Download or read book Report and Recommendation of the President to the Board of Directors on a Proposed Loan to the Lao People s Democratic Republic for the Shifting Cultivation Stabilization Pilot Project written by Asian Development Bank and published by . This book was released on 1999 with total page 88 pages. Available in PDF, EPUB and Kindle. Book excerpt:
Download or read book Lao PDR written by Asian Development Bank and published by Asian Development Bank. This book was released on 2017-11-01 with total page 314 pages. Available in PDF, EPUB and Kindle. Book excerpt: The Lao People's Democratic Republic (Lao PDR) has shown remarkable progress by consistently building itself into a market-oriented economy, with economic growth in 1986-2016 averaging around 6.5% per annum. The rapid and sustained growth brought about changes in the structure of output, but did not alter job composition: resource-based products still dominate in industry, low value-added jobs in services, and 65% of the labor force in agriculture. This country diagnostic study provides comprehensive analysis and identifies promising new drivers of growth which the Lao PDR can develop to diversify its production structure and speed up structural transformation.
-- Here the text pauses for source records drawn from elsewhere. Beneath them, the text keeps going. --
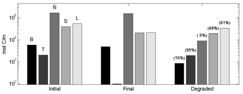 Figure 3. Concentrations integrated over 2D cross-sectional area for modeled five oil phase components (B: BEX, T: toluene, N: NVDOC, S: short chain n-alkanes, L: long chain n-alkanes), at the initial time of the spill, at the final simulation time (10,000 days), and for the degraded amount over the simulation period. For each component, the percentage of its initial amount that is degraded at the end of the simulation period is printed in parentheses. Figure reprinted from Ng et al. 2015.
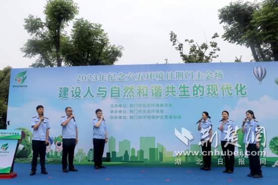 荆楚网(湖北日报网)讯(通讯员 孙治斌)6月5日上午,荆门市生态环境委员会组织各成员单位、企业代表、市民代表等社会各界齐聚龙泉公园,共同参与2023年纪念六五环境日荆门主会场活动,市环保志愿者协会、市志愿者协会、荆门职院学生代表冒雨参加本次活动。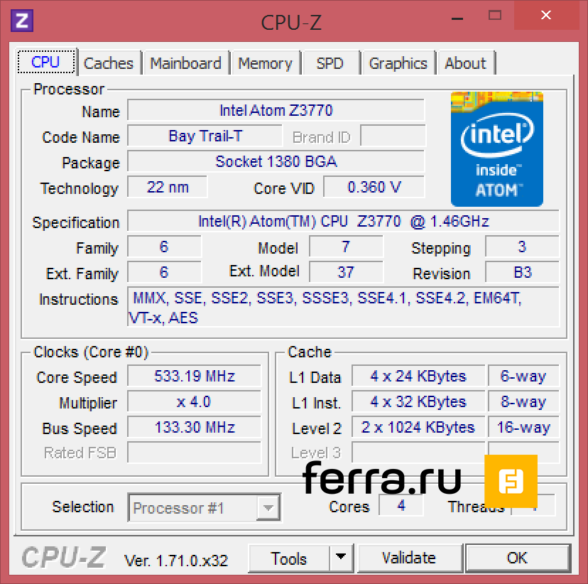 | Процессор | Intel Atom Z3770 (4 ядра/4 потока, 1460/2400 МГц) |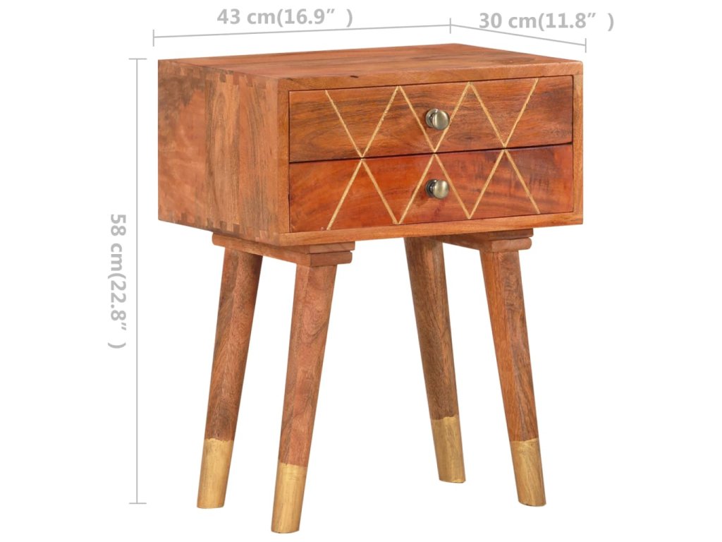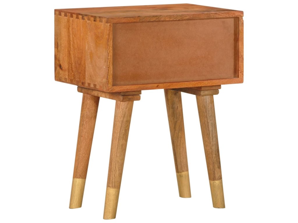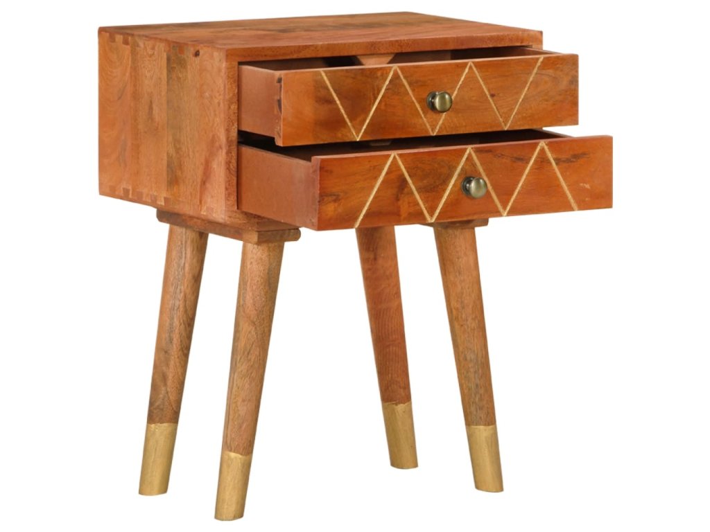 Noční stolek je vyrobený z masivního mangovníkového dřeva, které bylo naleštěné a nalakované, aby vynikl jeho půvabný a rafinovaný vzhled. Mangovník má odolné a robustní tvrdé dřevo s hnědými či zlatými pruhy a liniemi na povrchu. Ve stolku jsou pak 2 zásuvky, do kterých si můžete uspořádat drobnější předměty, abyste je měli neustále po ruce.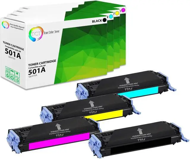 TCT offers quality HP 501A Q6470A Q6471A Q6472A Q6473A compatible replacement cartridges that fit effortlessly into your printer. You will find crisp, clear prints with consistently dark tones and sharp images in every single print job. Get professional quality prints every time and save a bundle with True Color Toners high quality printing supplies!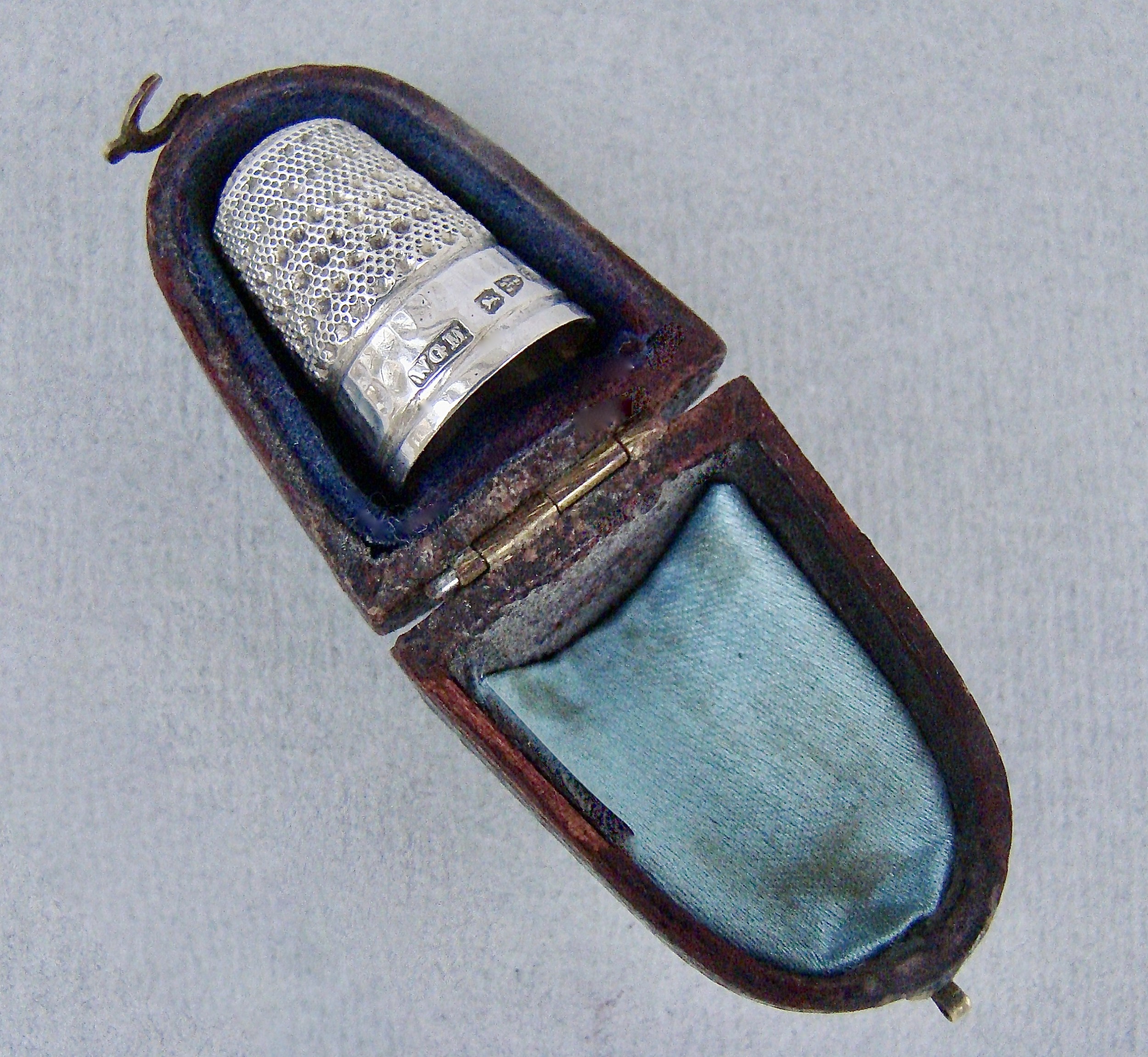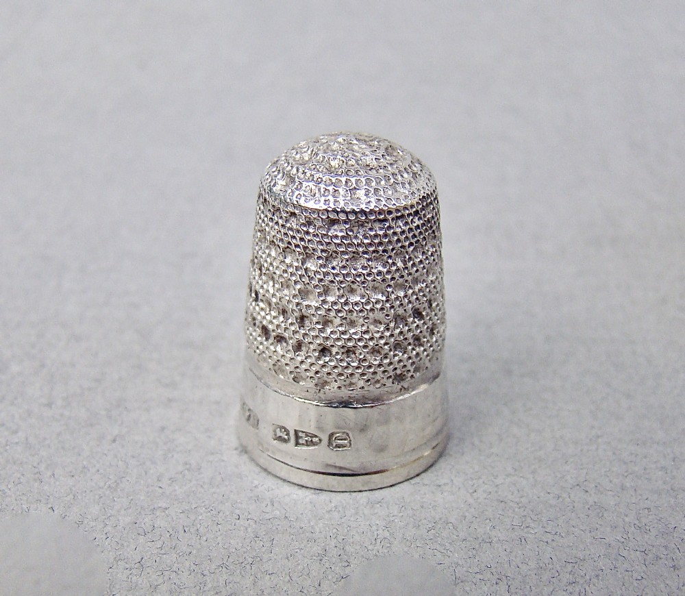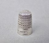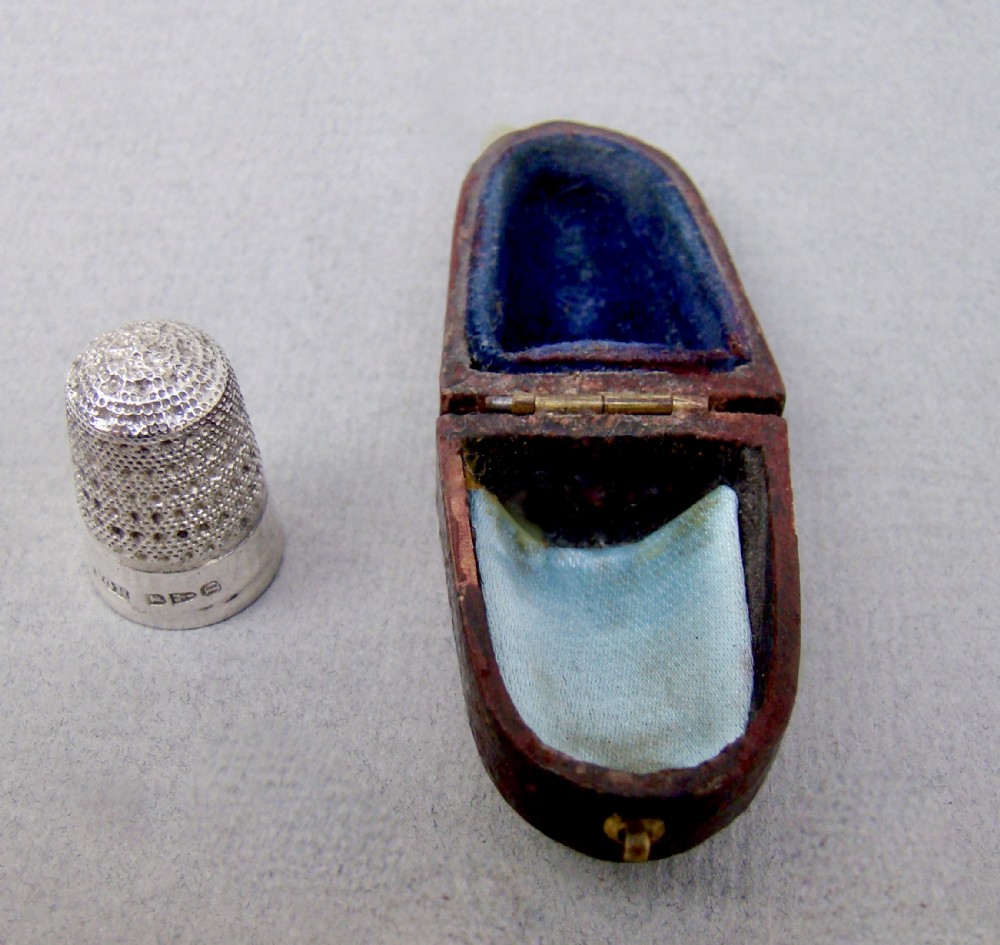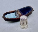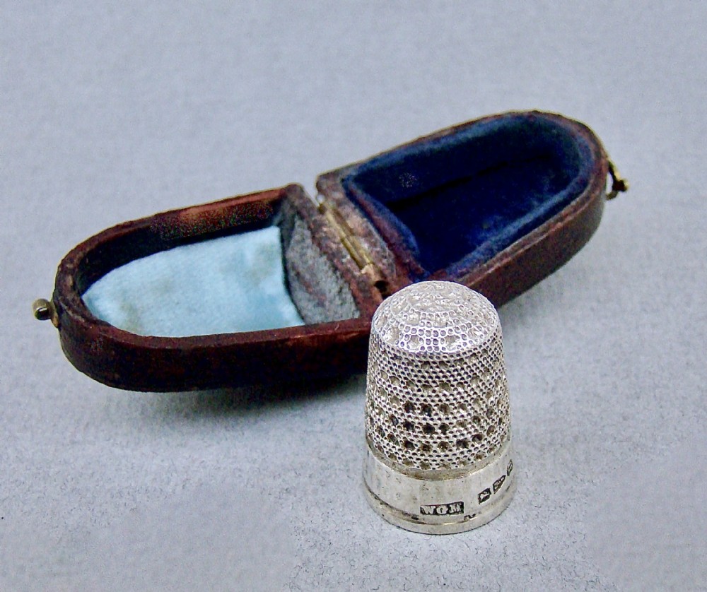 CASED VICTORIAN SILVER THIMBLE BY WALTER & GEORGE MYERS, CHESTER 1887

Download or read book Study Report on Wetland Agriculture and Water Management in the Mekong Region written by Food and Agriculture Organization of the United Nations and published by Food & Agriculture Org.. This book was released on 2020-08-01 with total page 96 pages. Available in PDF, EPUB and Kindle. Book excerpt: Under FAO initiative on eco-friendly water management for sustainable wetland agriculture, the Asian Institute of Technology (AIT), as the service provider, prepared the Study Report on Wetland Agriculture and Water Management in Mekong Region study report on wetland agriculture and water management in the Mekong Region for further program formulation. The overall objective is to review the current water management in relation to agriculture and identify the good practices and experiences of water management as a win-win solution for agriculture production and wetland conservation and recommend program formulation on eco-friendly water management for sustainable wetland agriculture. The expected outcome of the overall initiative is sustainable use of wetland to stress both productive and ecological functions of agriculture. The outputs aim to provide the solution as a win-win strategy for wetland and agriculture through eco-friendly water management, which will contribute to the ecological health, function and integrity of the Mekong Wetland Agriculture Ecosystem. Country consultation workshops were conducted for Cambodia, Laos, Thailand, and Vietnam to increase awareness on the issues of sustainable wetland management, and identify the threats, gaps and needs, priorities, and way forward towards sustainable use of wetlands in the Mekong Region.